After closer looking at them I found the following:
https://bugs.freedesktop.org/buglist.cgi?bug_status=__open__&content=drm%3Ai915_hangcheck_elapsed

Seems like they are very related (and still open) - did I report this on the wrong place?

I'm new to all of this (just trying to help here) - Please let me know what I could improve, change, etc. - thx :)
Comment 7 Michael Weiss (primeos) 2016-03-20 17:11:00 UTC
Experienced three more crashes - one yesterday and two today.

The one yesterday froze everything i. e. I have no idea what happened this time.
The first one today happened after exiting i3 (shutting down the x-server) but it didn't completely freeze the system I couldn't switch to another VT but the SysRq-Keys still worked - i. e.

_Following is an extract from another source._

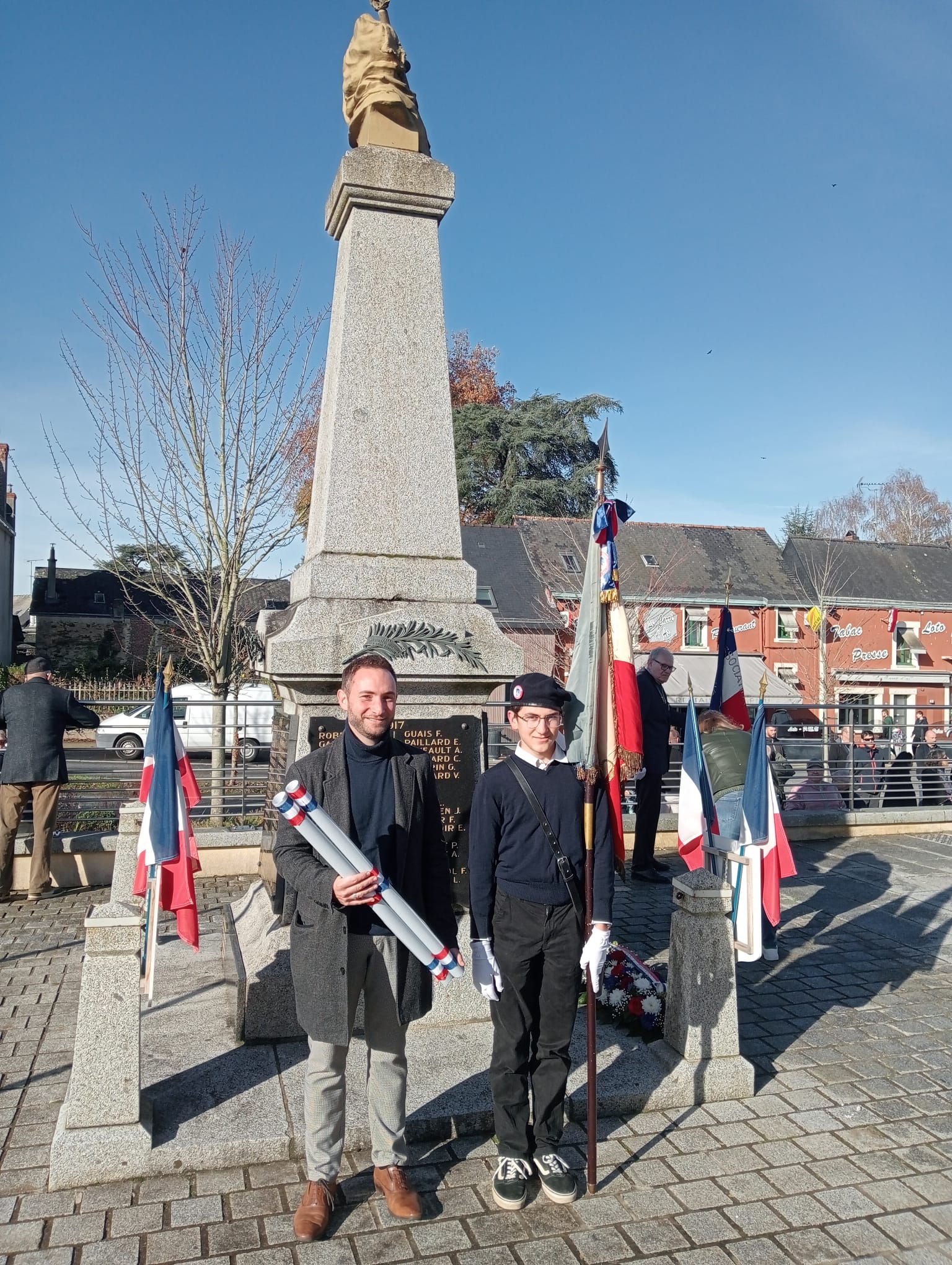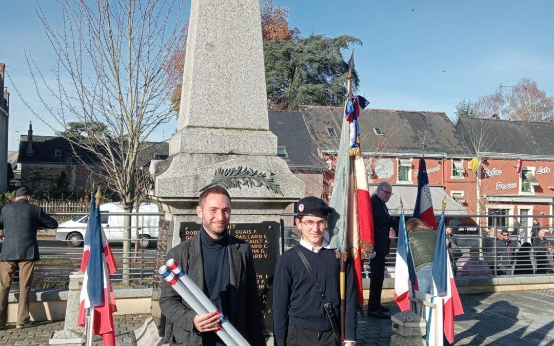 Le 11 novembre dernier, le Collège Saint Joseph de Cossé-le-Vivien a pris part à la cérémonie de commémoration de l’Armistice. Notre établissement était représenté avec fierté par Colomban, porte-drapeau officiel du collège, qui portait pour la seconde année consécutive le drapeau confié par l’association Le Souvenir Français.

I have a dump (I'll look into that later).
The second one today happened most likely due to one of the following parameters: "drm.debug=0x06 i915.semaphores=1".

My 4.4.5-Setup (forgot to include that - semi-working i.e. one crash so far):
=sys-kernel/gentoo-sources-4.4.5
=media-libs/mesa-11.0.6
=x11-drivers/xf86-video-intel-2.99.917-r2
=x11-libs/libdrm-2.4.65

My current 4.5.0-Setup (since the third crash - testing now without the parameters):
=sys-kernel/gentoo-sources-4.5.0
=media-libs/mesa-11.1.2-r1
=x11-drivers/xf86-video-intel-2.99.917_p20160316
=x11-libs/libdrm-2.4.67
=x11-base/xorg-server-1.18.2
=x11-base/xorg-drivers-1.18-r1

I'll now ask the devs at #intel-gfx@freenode.net what I should do about this (move it over to freedesktop.org, etc.), how I could help, etc.
Comment 8 Michael Weiss (primeos) 2016-03-20 17:26:07 UTC
Created attachment 428656 [details]
Output from: lspci -vvv -s 2

My CPU: Intel Core i7-5500U
My GPU: Intel HD Graphics 5500
My Notebook: ASUS ZenBook UX303LA
Comment 9 Michael Weiss (primeos) 2016-03-23 15:04:13 UTC
Fixed with the new setup:
=sys-kernel/gentoo-sources-4.5.0
=x11-libs/libdrm-2.4.67
=media-libs/mesa-11.1.2-r1
=x11-base/xorg-server-1.18.2
=x11-drivers/xf86-input-synaptics-1.8.2
=x11-drivers/xf86-video-intel-2.99.917_p20160316
=x11-drivers/xf86-input-evdev-2.10.1
=x11-base/xorg-drivers-1.18-r1

Works flawlessly for 3 days now :)
All issues are gone and there are no i915 related errors occurring in dmesg anymore.